But will it prompt big investors to take a tougher stand on director elections?
At a time when financial-investigative reporting is a dying art, TheStreet published an eye-popping article on Rhoda Pitcher, the longest-serving director of Lululemon Athletica. She appears to have few qualifications to serve on the board of major company, and information about her background provided by the company could not be verified. After describing its quest to “find” Ms. Pitcher, TheStreet concluded:
So, the longest-serving director on the board of a $10 billion public company has a personal history that cannot be traced, no identifiable photo, a business that cannot be found, and a degree from an unaccredited entity with a residential street address.
Lululemon and its outside public relations advisor didn’t offer a comment, which made them look inept and defensive.
It’s almost – almost – as shocking as the Brexit vote.
But while the company’s conduct is shocking, there’s been little notice paid to the action – or, more accurately, inaction – of the institutional investors that hold the vast majority of Lululemon’s shares. They include big institutions like Fidelity, Capital Group and BlackRock, firms that market themselves as guardians of their clients’ interests. But when it comes to choosing board directors at Lululemon, these firms have been anything but vigilant: Ms. Pitcher was re-elected last year with overwhelming support, according to an SEC filing.
This episode not only shines a harsh light on the auto-pilot approach to proxy voting by big money managers, it is a reminder of management’s influence over shareholder voting.
Ms. Pitcher enjoyed the recommendation of Lululemon’s management when it presented its proxy materials to shareholders. It urged shareholders to vote in favor of Ms. Pitcher’s re-election, endorsing her skills and experience.

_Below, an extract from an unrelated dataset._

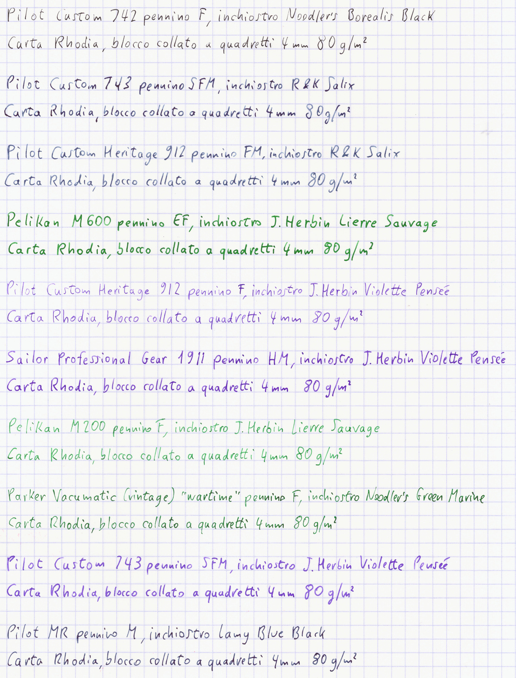 Il pennino più scorrevole è proprio l'SFM #15 della 743; tuttavia questa sua estrema scorrevolezza porta a volte, con inchiostri poco liquidi come questo Salix, a salti e false partenze su alcune carte, compresa questa Rhodia.

It’s also likely the major proxy advisors – ISS and Glass Lewis – recommended her too, judging by the voting margin. We can’t know for sure because their recommendations aren’t public, but a negative opinion from one of the firms would have swayed a few votes, and the tally for Ms. Pitcher was about the same as the other directors.
The proxy-advisory firms are supposed to be independent from the companies they rate, but the relationships are rife with conflicts. Most companies hire the advisors to preview their proxy ballots, especially on sensitive topics like executive pay, and soon after the firms formulate voting recommendations for their investor clients. (Regulations for proxy advisors could be on the way. A House committee just passed a measure that would subject the firms to greater SEC oversight.)
Whenever a big corporate problem comes to light, inept directors usually can be found. It will be hard to get rid of them until institutional investors take their watchdog role more seriously.